(Stored items from a collection)
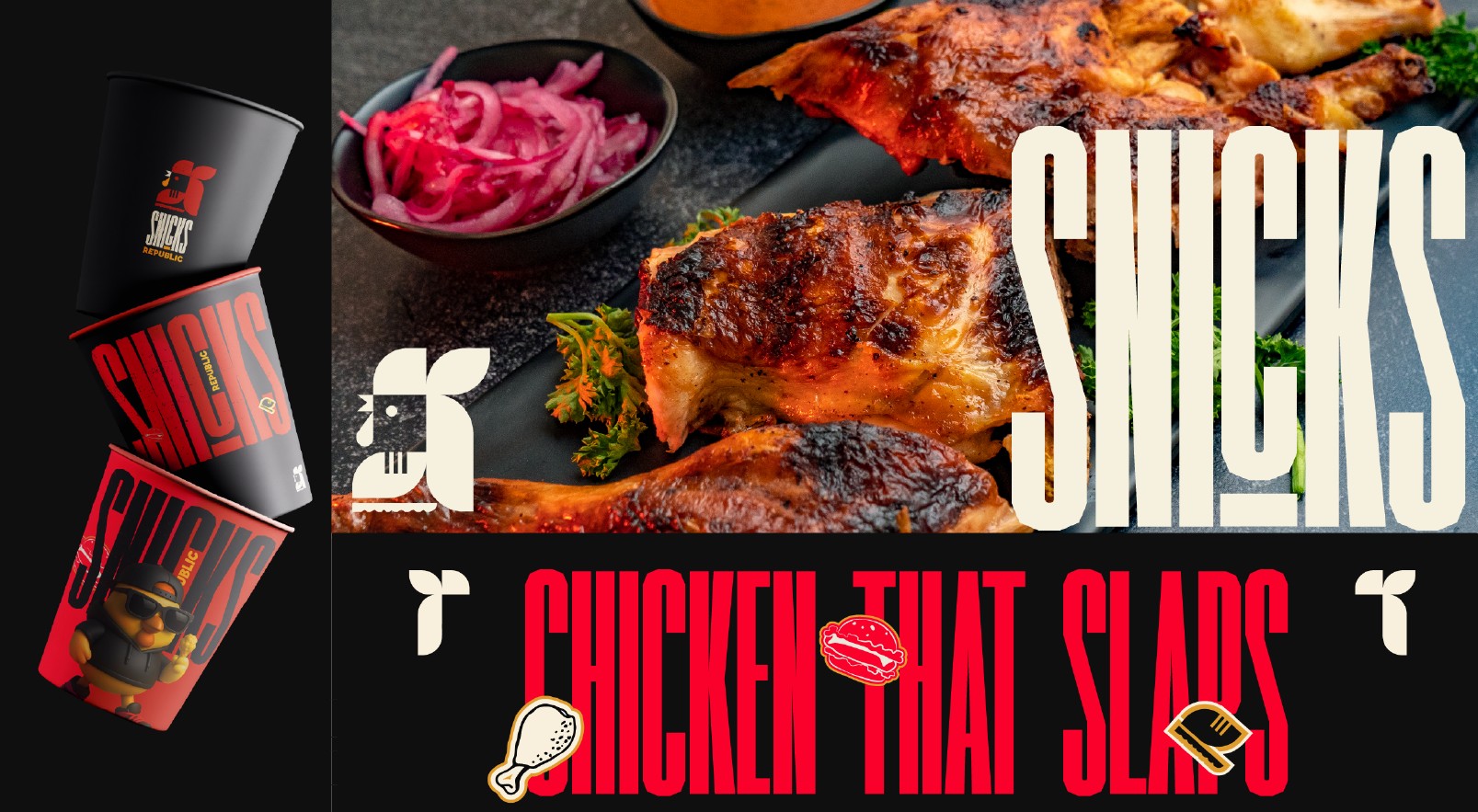 在一個(gè)食品品牌往往過度包裝或缺乏個(gè)性的市場中,Snicks 以真實(shí)和態(tài)度脫穎而出。這不僅關(guān)乎快餐,更是一場成熟的文化表達(dá)。從標(biāo)志到炸雞桶,從吉祥物到那句響亮的口號“Chicken tha Slaps”——每一處細(xì)節(jié)都致力于構(gòu)建一個(gè)自信十足、個(gè)性鮮明的品牌世界。Snicks 代表的是街頭炸雞的頂級形態(tài):快速、上癮、有態(tài)度,既屬于街頭,也屬于餐桌。
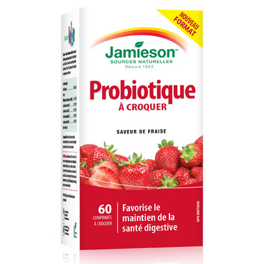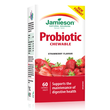 Jamieson Chewable Probiotic is a delicious strawberry flavoured tablet that supports the maintenance of digestive health and is suitable for both adults and children 3+. Each chewable tablet contains 2 billion active cells and five unique strains. Jamieson's advanced tube technology packaging protects each probiotic tablet from heat and moisture to guarantee potency to expiration.
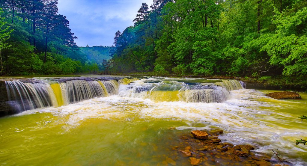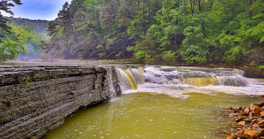 The highest waterfall between the Appalachians and the Rocky Mountains is located in Arkansas along the Buffalo National River. This beautiful 209′ tall waterfall and its surroundings is a MUST SEE. I hear that from the regular trail head it’s a pretty tough hike. that starts in the hills above the top of the falls and ends at the bottom of the falls. I can see that the tough uphill climb out would be difficult.
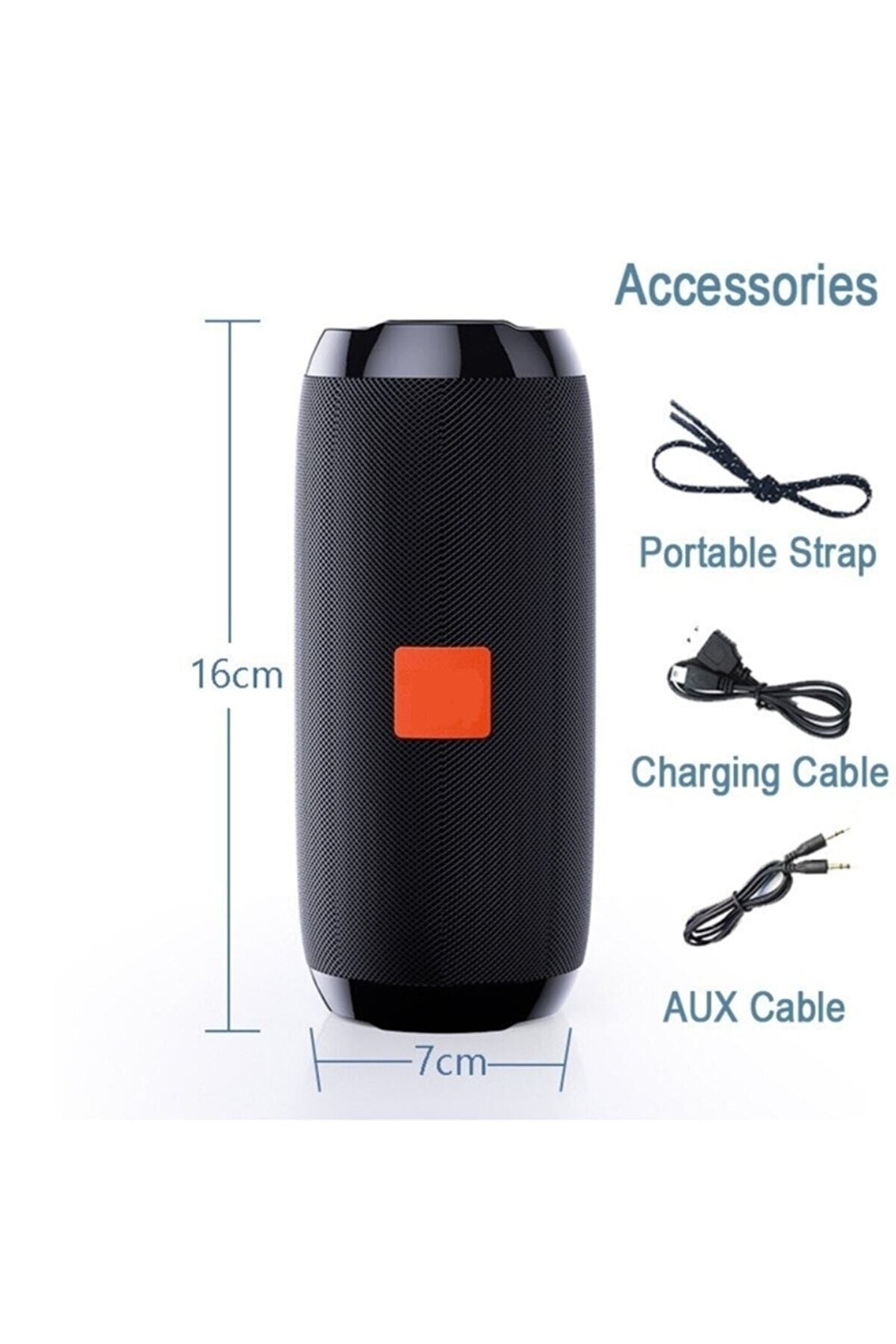 ÖNCELİKLE ÜRÜNÜ 2 SAAT ŞARJ EDİN AÇMA TUŞUNA BASILI TUTUP AÇTIGINIZDA BLUETOOTH MODUNDA AÇILIR M TUŞUNA BASTIĞINIZDA FM MODUNA GEÇER AÇMA TUŞUNA AÇMA TUŞUNA 1 DEFA BASTIGINIZDA KANLLARI ARAYIP KAYIT EDER ARTI VE EKSİ TUŞUNDAN KANAL DEĞİŞTİREBİLİRSİNİZ Ürünün sesini açmak için + tuşuna basılı tutunuz. ; Tüm cep telefonu modellerine ve tablet modellerine uyumludur. ; Tv bilgisayar hoparlörü olarak da kullanılabilir. ; Su geçirmez özel üretimdir. ; Oynatma fonksiyonları : Bluetooth-Usb-Sd card-Aux Bluetooth çekim mesafesi : 10 mt kadar Çalışma süresi : 3-4 saate kadar Şarj olma süresi : 2 saat civarı Frekans aralığı : 2khz- 20khz Hoparlör çıkış gücü : 2X5W Pil kapasitesi : 1200 mah Şarj girişi : 3.7v Ses gürültü oranı : 90 db Bluetooth versiyonu : 4.2 Kutu içeriği: 1 adet usb şarj kablosu micro 1 adet aux kablo 1 adet bluetooth hoparlör ÜRÜN Boyutu: 75.5 * 75.5 * 161.1mm ÜRÜN Ağırlığı: 560g;
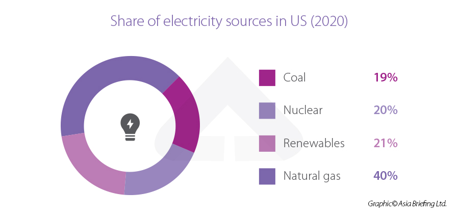 The US’ electricity needs has been met by a combination of different sources, including coal, natural gas, renewable sources, and nuclear power. The market share of the sources can be seen in the below infographic.
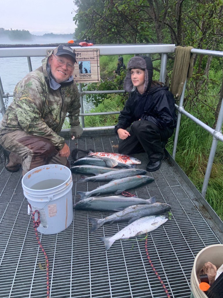 There are a lot of things that I enjoy doing by myself, but fishing, probably my favorite activity in life, I enjoy doing with friends and family. Not all of my good friends enjoy fishing, nor do all of my family. I don’t remember ever fishing with Patty, but she certainly is my favorite person to do many other things with. Probably the most enjoyable thing that I did with my Dad was fishing. I fish regularly and often now with many of my friends and family. On this trip that I am now on in Alaska my son-in-law, Luke and his son, my grandson Will is with me. Neither of them has fished a lot in their past so I am enjoying teaching them the skill and the joy of fishing. Here is a great picture of Will and I yesterday and also one from eleven years ago with my son Seth, two other friends and their sons.
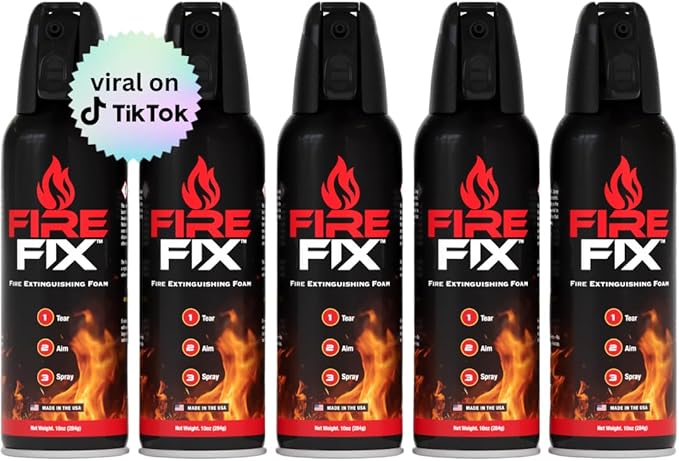 - Efficient and User-Friendly Performance: Combat fires effortlessly with the Fire Fix Fire Spray's intuitive design. Utilizing a revolutionary foam formulation, it rapidly expands to suppress fires, halting their progression effectively. Simply tear off the tab, hold the can at a distance of 3 to 4 feet from the fire, direct the nozzle, and spray to initiate firefighting action.
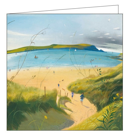 This beautiful blank greetings card features artwork by Nicholas Hely Hutchinson showing a view of Saunton Sands in Devon on a sunny day.
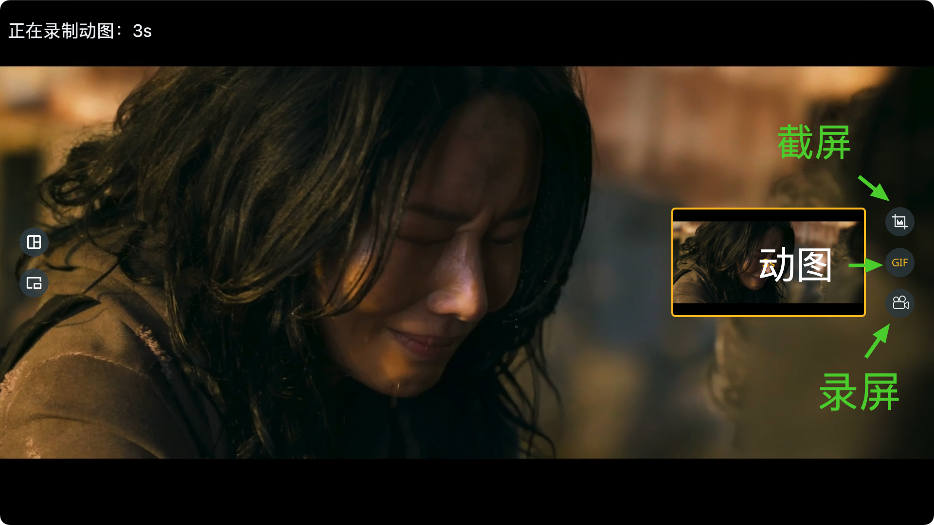 播放界面的右中侧,则是截屏、录制 GIF(最长 60 秒)、录屏按钮,非常方便。
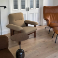 在材質運用上,柔軟布料與結構木件形成對比,使整體在視覺上既具重量感,卻不顯壓迫。Brasilia Lounge Chair 不追求輕盈或透明,而是透過低重心與寬闊比例,營造出一種安定、從容且高度人性化的空間存在,適合作為私人居所或公共場域中具象徵性的休憩座椅。
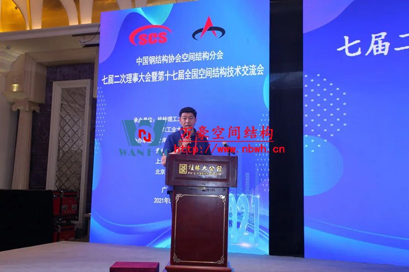 空间结构分会名誉理事长蓝天,空间结构分会高级顾问、中国工程院院士沈世钊,中国钢结构协会副秘书长戴长河、空间结构分会前理事长张毅刚,副理事长张其林、李亚明、胡鸿志、黄达达、李中立,高级顾问许立准等出席开幕式。

▶ _Exercise goal_:
The result should be a verbatim copy of the data, free of pictures.

▶ _Finished task_:
 在一個(gè)食品品牌往往過度包裝或缺乏個(gè)性的市場中,Snicks 以真實(shí)和態(tài)度脫穎而出。這不僅關(guān)乎快餐,更是一場成熟的文化表達(dá)。從標(biāo)志到炸雞桶,從吉祥物到那句響亮的口號“Chicken tha Slaps”——每一處細(xì)節(jié)都致力于構(gòu)建一個(gè)自信十足、個(gè)性鮮明的品牌世界。Snicks 代表的是街頭炸雞的頂級形態(tài):快速、上癮、有態(tài)度,既屬于街頭,也屬于餐桌。
 Jamieson Chewable Probiotic is a delicious strawberry flavoured tablet that supports the maintenance of digestive health and is suitable for both adults and children 3+. Each chewable tablet contains 2 billion active cells and five unique strains. Jamieson's advanced tube technology packaging protects each probiotic tablet from heat and moisture to guarantee potency to expiration.
 The highest waterfall between the Appalachians and the Rocky Mountains is located in Arkansas along the Buffalo National River. This beautiful 209′ tall waterfall and its surroundings is a MUST SEE. I hear that from the regular trail head it’s a pretty tough hike. that starts in the hills above the top of the falls and ends at the bottom of the falls. I can see that the tough uphill climb out would be difficult.
 ÖNCELİKLE ÜRÜNÜ 2 SAAT ŞARJ EDİN AÇMA TUŞUNA BASILI TUTUP AÇTIGINIZDA BLUETOOTH MODUNDA AÇILIR M TUŞUNA BASTIĞINIZDA FM MODUNA GEÇER AÇMA TUŞUNA AÇMA TUŞUNA 1 DEFA BASTIGINIZDA KANLLARI ARAYIP KAYIT EDER ARTI VE EKSİ TUŞUNDAN KANAL DEĞİŞTİREBİLİRSİNİZ Ürünün sesini açmak için + tuşuna basılı tutunuz. ; Tüm cep telefonu modellerine ve tablet modellerine uyumludur. ; Tv bilgisayar hoparlörü olarak da kullanılabilir. ; Su geçirmez özel üretimdir. ; Oynatma fonksiyonları : Bluetooth-Usb-Sd card-Aux Bluetooth çekim mesafesi : 10 mt kadar Çalışma süresi : 3-4 saate kadar Şarj olma süresi : 2 saat civarı Frekans aralığı : 2khz- 20khz Hoparlör çıkış gücü : 2X5W Pil kapasitesi : 1200 mah Şarj girişi : 3.7v Ses gürültü oranı : 90 db Bluetooth versiyonu : 4.2 Kutu içeriği: 1 adet usb şarj kablosu micro 1 adet aux kablo 1 adet bluetooth hoparlör ÜRÜN Boyutu: 75.5 * 75.5 * 161.1mm ÜRÜN Ağırlığı: 560g;
 The US’ electricity needs has been met by a combination of different sources, including coal, natural gas, renewable sources, and nuclear power. The market share of the sources can be seen in the below infographic.
 There are a lot of things that I enjoy doing by myself, but fishing, probably my favorite activity in life, I enjoy doing with friends and family. Not all of my good friends enjoy fishing, nor do all of my family. I don’t remember ever fishing with Patty, but she certainly is my favorite person to do many other things with. Probably the most enjoyable thing that I did with my Dad was fishing. I fish regularly and often now with many of my friends and family. On this trip that I am now on in Alaska my son-in-law, Luke and his son, my grandson Will is with me. Neither of them has fished a lot in their past so I am enjoying teaching them the skill and the joy of fishing. Here is a great picture of Will and I yesterday and also one from eleven years ago with my son Seth, two other friends and their sons.
 - Efficient and User-Friendly Performance: Combat fires effortlessly with the Fire Fix Fire Spray's intuitive design. Utilizing a revolutionary foam formulation, it rapidly expands to suppress fires, halting their progression effectively. Simply tear off the tab, hold the can at a distance of 3 to 4 feet from the fire, direct the nozzle, and spray to initiate firefighting action.
 This beautiful blank greetings card features artwork by Nicholas Hely Hutchinson showing a view of Saunton Sands in Devon on a sunny day.
 播放界面的右中侧,则是截屏、录制 GIF(最长 60 秒)、录屏按钮,非常方便。
 在材質運用上,柔軟布料與結構木件形成對比,使整體在視覺上既具重量感,卻不顯壓迫。Brasilia Lounge Chair 不追求輕盈或透明,而是透過低重心與寬闊比例,營造出一種安定、從容且高度人性化的空間存在,適合作為私人居所或公共場域中具象徵性的休憩座椅。
 空间结构分会名誉理事长蓝天,空间结构分会高级顾问、中国工程院院士沈世钊,中国钢结构协会副秘书长戴长河、空间结构分会前理事长张毅刚,副理事长张其林、李亚明、胡鸿志、黄达达、李中立,高级顾问许立准等出席开幕式。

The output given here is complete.